Очередное платье отнимает все мое внимание. Чёрное, длинное. С кружевными рукавами и невесомым шлейфом. И без таблички понимаю, что это «Прада». Величайший бренд, у которого нет перевеса ни в сторону консерватизма, ни в сторону кричащей сексуальности Голливуда. В воспоминаниях моментально всплывает голос мамы. Даже целая картинка с ее образом.
« — Пока девушка Gucci пьет текилу в ночном клубе, девушка Prada читает Пруста в кафе. »
Она всегда хотела привить мне изысканный вкус. Возможно у нее это получилось, если я остановила свой выбор именно на этой модели? Цена меня уже не интересует. Если Леон хочет тратить деньги, пусть не отказывает себе в удовольствии.
Консультант замечает мой интерес, и своевременно предлагает пройти в примерочную. Интересуется нужна ли мне помощь. Мой английский недостаточно хорош, но как минимум понимаю суть, в отличии от абсолютно незнакомого немецкого. До сих пор не понимаю, почему из всех городов мира мы оказались в Вене.
Облачаюсь в платье когда остаюсь наедине с собой. Долго смотрю в зеркало, всматриваюсь в черты так, будто вижу себя впервые. Я очень на нее похожа. Я ее часть, и какие бы вещи она не совершала, это неизменно. Моя мать меня любила. Делала для меня все на что была способна. Когда Королев подтвердил версию следствия о том что ее уход стал причиной самоубийства, в душе поселилась боль и горькая обида. Сейчас, пусть в неподходящее время и в неподходящем месте, я ее прощала.

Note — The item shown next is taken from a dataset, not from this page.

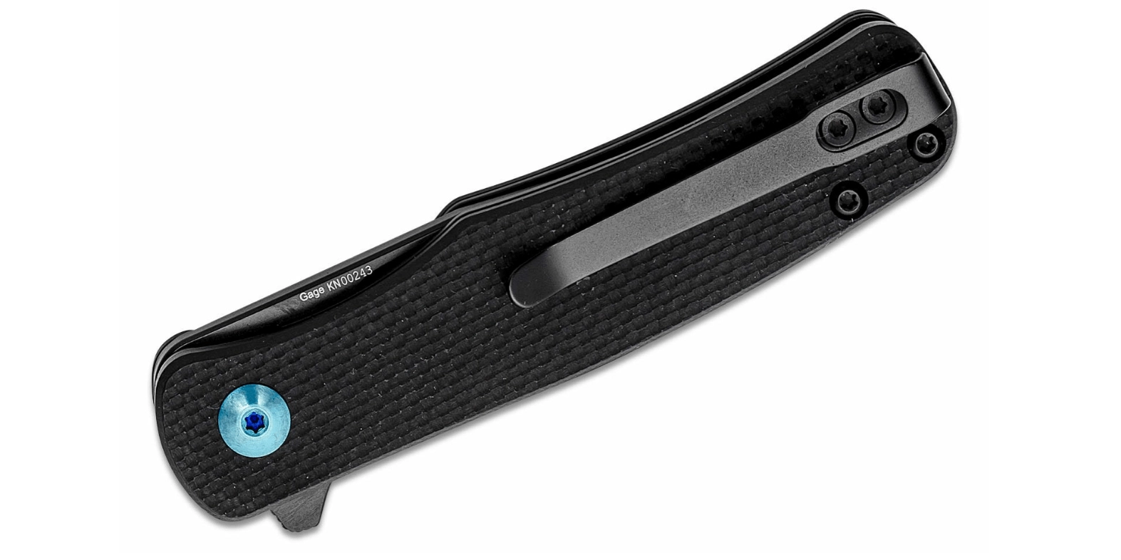 The G10 handle in an elegant black color is strong, non-slip, and comfortably contoured for a secure grip. With the integrated clip, the knife can be carried easily and discreetly in a pocket, on a belt, or on the edge of a backpack.

Я осталась совсем одна в этом огромном и жестоком мире, но в итоге приобрела настолько много, что вселенная не вмещала моих чувств когда он появлялся рядом. Даже сейчас. Сквозь толстую ткань плотной шторы я чувствовала его неуёмный жар. Жерло вулкана с бурлящей по венам раскалённой лавой. И я готова была окунаться в этот огненный омут. Сгорать и ждать когда его руки соберут пепел, а губы вдохнут жизнь. Снова и снова. Умирать и возвращаться к жизни, потому что он по-другому не умеет.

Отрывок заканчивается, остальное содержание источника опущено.